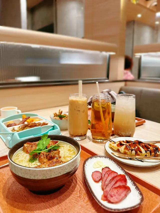 剛巧在屯門市廣場與朋友相遇,所以找一間可以吃甜品又可以跟朋友舒服地聊天的店下午茶時段人較少,下午茶選擇很多種類,但我們都不選擇主食,選擇是甜品(女生對甜品比較難抗拒🙈)(下午茶餐)巧克力曲奇蜜糖磚塊 ($78)3塊厚蜜糖多士,蜜糖多士中間切成一粒粒蜜糖磚塊,配上忌廉及巧克力曲奇雪糕,很邪惡我朋友比較喜歡吃蜜糖磚塊,而我相反比較喜歡吃多士邊邊,我們真的是互補🤣(下午茶配飲品)熱玫瑰蜜香紅茶(無糖)很香玫瑰味,配送的杏仁薄脆暖暖的,很香牛油及杏仁味,很好吃😋堂飲限定 凍小青桔黃皮綠茶($8)偏重小青桔味的綠茶,感覺很清爽奶蓋瀑布蛋糕(焙茶味)配草莓冰淇淋(Dreyer's)($68)下午茶餐加配可由原價$88減至$68,很抵超燶焙茶味奶蓋,吃起來不容易膩,幾層pancake夾著葡萄加奶油旁邊的草莓及葡萄很清甜,Dreyer's草莓雪糕中帶果肉配蛋糕很棒…查看更多
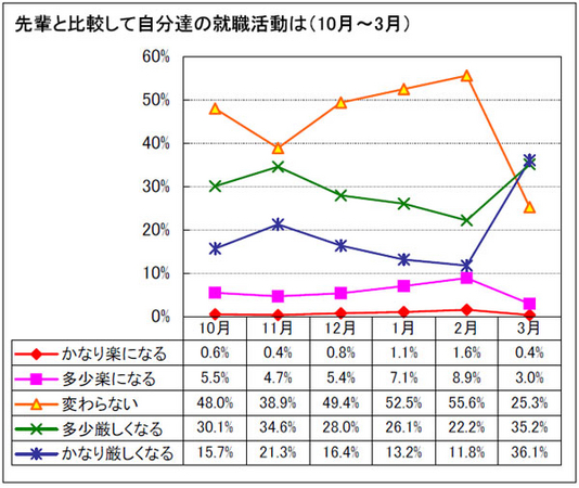 先輩と比較して自分達の就職活動がどうなるか聞いたところ、「多少厳しくなる」+「かなり厳しくなる」と回答した学生の割合が急増した。全体の71.3%が厳しくなると回答しており、前月34.0%から2倍以上増加している。震災の影響により採用人数削減の危惧や採用スケジュールの不透明感に対する不安など、採用環境の著しい変化に学生の大きな戸惑いが見られる結果となった。
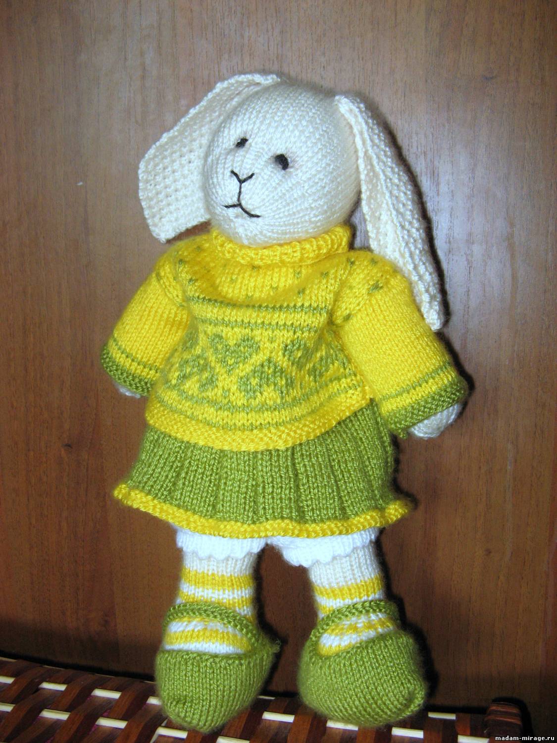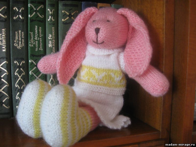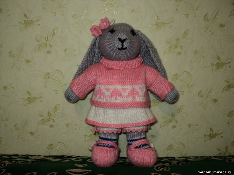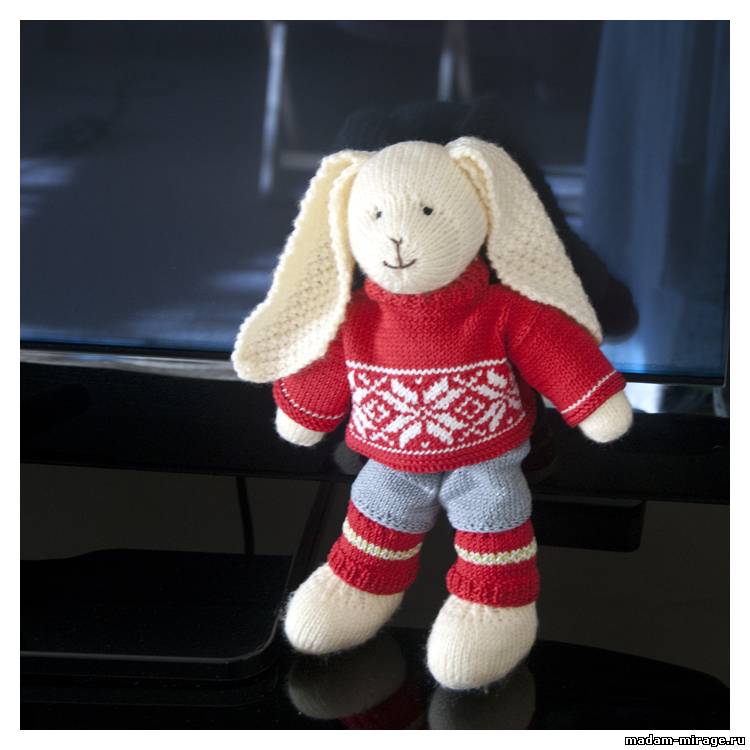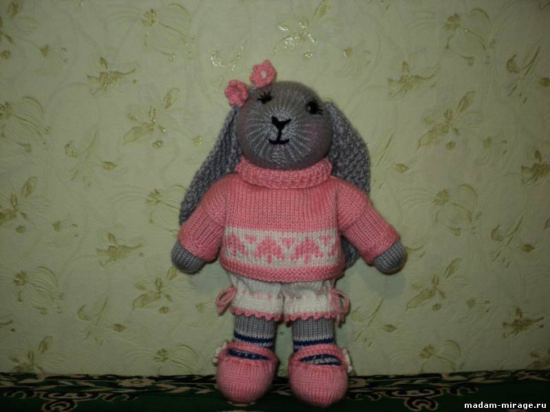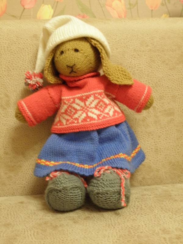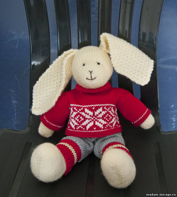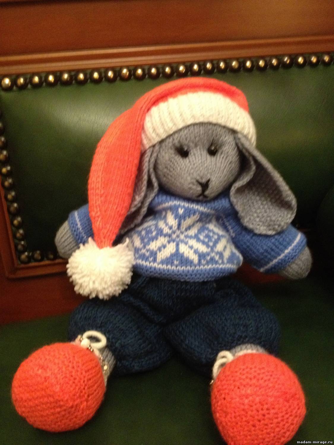 | Огромное спасибо за онлайн! Когда я увидела этого зайку, то решила научиться вязать спицами! Вот мой зайчишка - мальчишка !
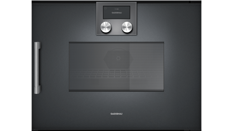 200 Series combi-microwave oven full glass door in Gaggenau Anthracite Left-hinged Controls at the top - BMP251100
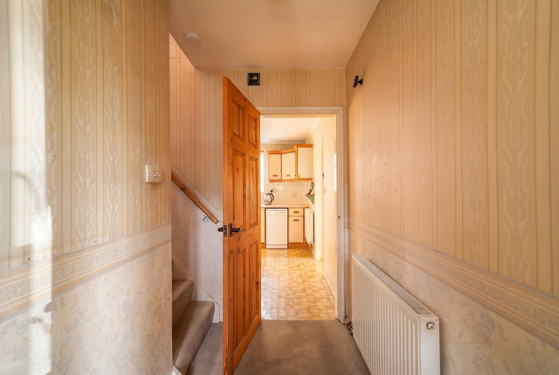 The kitchen is fitted with a range of wall and base mounted storage units with work surfaces over incorporating sink and drainer unit, tiling to splash-back areas, space and plumbing for washing machine, space for a cooker with extractor fan over, space for a dishwasher, UPVC double glazed window to the rear elevation, ceiling strip light, central heating radiator and door opening to the side passageway
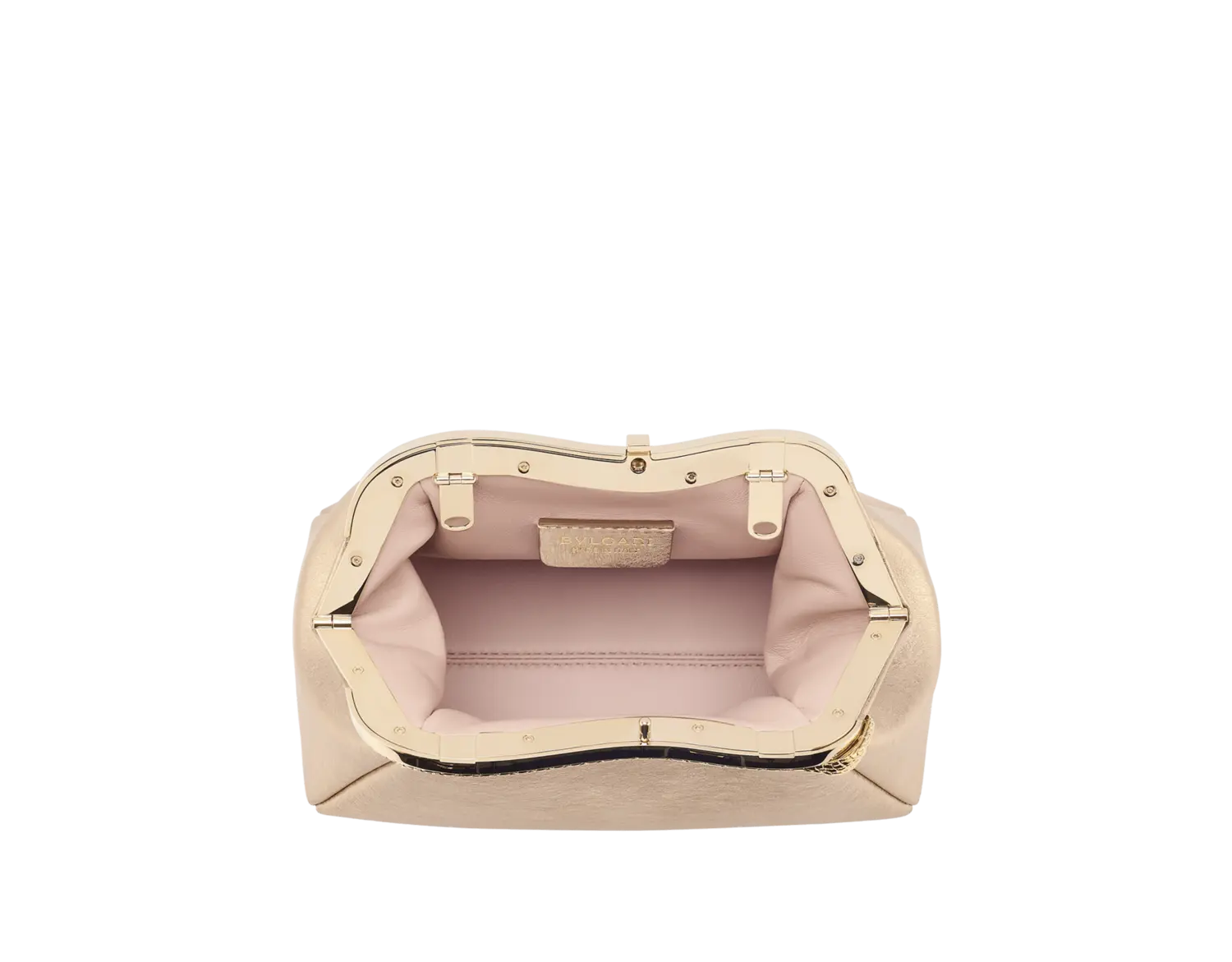 Сумка Serpentine, выполненная из светло-золотой телячьей кожи с полосками, может похвастаться металлическим и полосатым эффектом, напоминающим прекрасные включения необработанных алмазов. Смелая переосмысленная версия вневременной иконы, сумка сочетает в себе модную форму с ювелирными деталями, вызывающими в памяти извилистые движения змеи. Сумка с каркасом в форме тела змеи, вдохновленная смелыми ожерельями Serpenti 1960-х годов, предлагает несколько стилей в одном, так как ее изогнутый металлический верх украшен гравированными чешуйками и красными эмалевыми глазами спереди для гламурного образа, а вставка из телячьей кожи сзади для более повседневного ощущения. Эта модель дополнена одним отделением, застежкой на кнопку и кожаным ремешком. 19,5 x 14 x 10 см - 7,7 x 5,5 x 3,9 дюйма. Сделано в Италии.
────────────────
AIM OF THE EXERCISE
Return the data verbatim, leaving out the pictures it holds.

ANSWER
 剛巧在屯門市廣場與朋友相遇,所以找一間可以吃甜品又可以跟朋友舒服地聊天的店下午茶時段人較少,下午茶選擇很多種類,但我們都不選擇主食,選擇是甜品(女生對甜品比較難抗拒🙈)(下午茶餐)巧克力曲奇蜜糖磚塊 ($78)3塊厚蜜糖多士,蜜糖多士中間切成一粒粒蜜糖磚塊,配上忌廉及巧克力曲奇雪糕,很邪惡我朋友比較喜歡吃蜜糖磚塊,而我相反比較喜歡吃多士邊邊,我們真的是互補🤣(下午茶配飲品)熱玫瑰蜜香紅茶(無糖)很香玫瑰味,配送的杏仁薄脆暖暖的,很香牛油及杏仁味,很好吃😋堂飲限定 凍小青桔黃皮綠茶($8)偏重小青桔味的綠茶,感覺很清爽奶蓋瀑布蛋糕(焙茶味)配草莓冰淇淋(Dreyer's)($68)下午茶餐加配可由原價$88減至$68,很抵超燶焙茶味奶蓋,吃起來不容易膩,幾層pancake夾著葡萄加奶油旁邊的草莓及葡萄很清甜,Dreyer's草莓雪糕中帶果肉配蛋糕很棒…查看更多
 先輩と比較して自分達の就職活動がどうなるか聞いたところ、「多少厳しくなる」+「かなり厳しくなる」と回答した学生の割合が急増した。全体の71.3%が厳しくなると回答しており、前月34.0%から2倍以上増加している。震災の影響により採用人数削減の危惧や採用スケジュールの不透明感に対する不安など、採用環境の著しい変化に学生の大きな戸惑いが見られる結果となった。
 | Огромное спасибо за онлайн! Когда я увидела этого зайку, то решила научиться вязать спицами! Вот мой зайчишка - мальчишка !
 200 Series combi-microwave oven full glass door in Gaggenau Anthracite Left-hinged Controls at the top - BMP251100
 The kitchen is fitted with a range of wall and base mounted storage units with work surfaces over incorporating sink and drainer unit, tiling to splash-back areas, space and plumbing for washing machine, space for a cooker with extractor fan over, space for a dishwasher, UPVC double glazed window to the rear elevation, ceiling strip light, central heating radiator and door opening to the side passageway
 Сумка Serpentine, выполненная из светло-золотой телячьей кожи с полосками, может похвастаться металлическим и полосатым эффектом, напоминающим прекрасные включения необработанных алмазов. Смелая переосмысленная версия вневременной иконы, сумка сочетает в себе модную форму с ювелирными деталями, вызывающими в памяти извилистые движения змеи. Сумка с каркасом в форме тела змеи, вдохновленная смелыми ожерельями Serpenti 1960-х годов, предлагает несколько стилей в одном, так как ее изогнутый металлический верх украшен гравированными чешуйками и красными эмалевыми глазами спереди для гламурного образа, а вставка из телячьей кожи сзади для более повседневного ощущения. Эта модель дополнена одним отделением, застежкой на кнопку и кожаным ремешком. 19,5 x 14 x 10 см - 7,7 x 5,5 x 3,9 дюйма. Сделано в Италии.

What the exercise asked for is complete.